■ ABOUT THIS TASK ■
Could you print the listing again exactly, omitting the pictures?

■ EXERCISE DATA ■
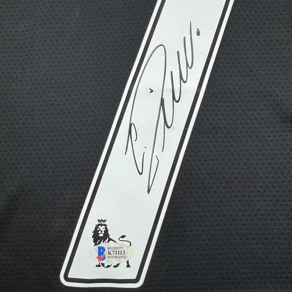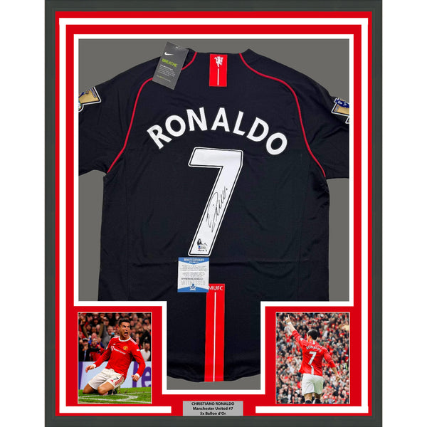 Framed Autographed/Signed Cristiano Ronaldo 35x39 ManU Black Jersey BAS COA #2 The item is professionally framed and matted with two 5x7 photos, measures 35x39 inches and is ready to be hung in your man cave! Photo and matting requests can be made.
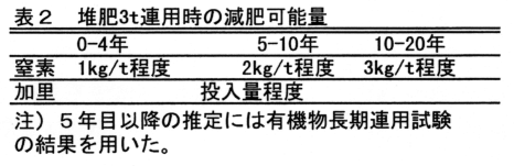 堆肥3t連用における窒素減肥可能量は、4年目くらいまでは1kg/t程度、5〜10年では2kg/t程度、10〜20年では3kg/t程度である。加里については堆肥に含まれる加里含有量を評価し、投入量程度の減肥が可能である。(図2、表2)
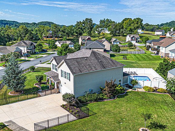 This stunning two-story traditional home offers 2 primary suites (one on main) and a perfect blend of modern luxury and timeless design. This 3,418-square-foot residence features 4 spacious bedrooms each with their own walk-in closet, and 3 1/2 bathrooms. The gourmet kitchen is a chef's dream, complete with top-of-the-line appliances, granite countertops, and a farmhouse sink. The main level hosts a luxurious primary suite with a jetted tub and an enormous walk-in closet. The great room, with its gas log fireplace, opens to a beautifully designed outdoor living area featuring a heated in-ground pool and a cozy outdoor gas fireplace, making it perfect for entertaining. Upstairs, a second primary bedroom with full bath, two additional large bedrooms, family room and a versatile bonus space provide ample space for family and guests. The home is set on a landscaped corner lot in the desirable Autumn Woods Subdivision, offering privacy and charm. Crown molding, new flooring, and updated lighting fixtures throughout add elegance to the home. The 2-car attached garage includes lots of storage shelving, providing plenty of room for organization. With its spacious layout, premium features, and prime location, this property is the epitome of comfortable and stylish living in Kingsport. Don't miss the chance to own this meticulously maintained home located in the desirable Autumn Woods Subdivision!

■ EXERCISE SOLUTION ■
 Framed Autographed/Signed Cristiano Ronaldo 35x39 ManU Black Jersey BAS COA #2 The item is professionally framed and matted with two 5x7 photos, measures 35x39 inches and is ready to be hung in your man cave! Photo and matting requests can be made.
 堆肥3t連用における窒素減肥可能量は、4年目くらいまでは1kg/t程度、5〜10年では2kg/t程度、10〜20年では3kg/t程度である。加里については堆肥に含まれる加里含有量を評価し、投入量程度の減肥が可能である。(図2、表2)
 This stunning two-story traditional home offers 2 primary suites (one on main) and a perfect blend of modern luxury and timeless design. This 3,418-square-foot residence features 4 spacious bedrooms each with their own walk-in closet, and 3 1/2 bathrooms. The gourmet kitchen is a chef's dream, complete with top-of-the-line appliances, granite countertops, and a farmhouse sink. The main level hosts a luxurious primary suite with a jetted tub and an enormous walk-in closet. The great room, with its gas log fireplace, opens to a beautifully designed outdoor living area featuring a heated in-ground pool and a cozy outdoor gas fireplace, making it perfect for entertaining. Upstairs, a second primary bedroom with full bath, two additional large bedrooms, family room and a versatile bonus space provide ample space for family and guests. The home is set on a landscaped corner lot in the desirable Autumn Woods Subdivision, offering privacy and charm. Crown molding, new flooring, and updated lighting fixtures throughout add elegance to the home. The 2-car attached garage includes lots of storage shelving, providing plenty of room for organization. With its spacious layout, premium features, and prime location, this property is the epitome of comfortable and stylish living in Kingsport. Don't miss the chance to own this meticulously maintained home located in the desirable Autumn Woods Subdivision!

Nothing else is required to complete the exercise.